El beneficio habría consistido en la licuación por capitalización de una deuda de casi 250 millones de pesos que la empresa tendría con el Estado Nacional y que, según el fiscal, habría sido sustituida por un paquete accionario cuya valuación real, de acuerdo con la Subsecretaría de Servicios Financieros, rondaría entre 1.283.537 y 1.760.296 pesos.

“Los hechos que se solicitaron investigar se habrían iniciado a mediados de 2005 cuando el entonces presidente de la Nación, Néstor Kirchner, junto a su gabinete de ministros, reformuló, mediante el Decreto de Necesidad y Urgencia 475/05 el régimen de promoción industrial otorgado inicialmente en 1976 y modificado en 1981 (inactivo hasta la fecha) a la empresa Alcalis de la Patagonia S.A. dedicada a la producción de carbonato de sodio en la provincia de Río Negro. Por dicho decreto ALPAT  S.A. obtuvo beneficios y diferimientos fiscales por diez años, de modo tal que el Estado quedó obligado a no percibir ciertos impuestos por ese plazo”, amplió el sitio.

“En junio de 2006 –agregó- la empresa quedó bajo el control de otra denominada South Mineral S.A, cuyos presidente y vicepresidente eran entonces, Fabián de Souza y Raúl Esteban Zamora, respectivamente, quienes también fueron denunciados por el fiscal Rodríguez.

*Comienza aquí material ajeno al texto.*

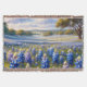 En drömlik vid utsikt av Texas bluebonnets sträcker sig över böljande kullar, badade i mjukt solljus under en klar, molnprickig himmel. Paletten lyser med livfull indigofärg, lavendel och krämiga vita blommor, satta mot gyllengrönt gräs och spridda ekträd som inramar fjärran med grace. Detta förtrollande landskap frammanar en lugn, pastoral stämning – perfekt fångar den tysta magin av våren på landsbygden. Målad i en romantisk, något impressionistisk stil, erbjuder kompositionen både djup och värme, med mjuka övergångar av ljus och färg som drar betraktaren till sig. Perfekt för de som älskar vildblommefält, sydstats charm och naturens mjuka storhet. AI-genererad

Luego, comenzó el proceso de saneamiento de las deudas de la empresa y por ello se inició un acuerdo preventivo extrajudicial, en el marco del cual se remitió una propuesta a tres empresas: Ibicon Ansalt, Bergo Ansalt y Almeraya Sol Invesment SL, como también al Estado Nacional.”

La maniobra, entendió el fiscal, se perfeccionó con la deliberada inacción de los funcionarios públicos de los entonces ministerios de Economía y Producción (fundamentalmente el área legal de Industria y la dirección general de asuntos jurídicos), que dejaron vencer los plazos para defender los intereses del Estado Nacional en dicho APE, con el consecuente perjuicio patrimonial al erario público.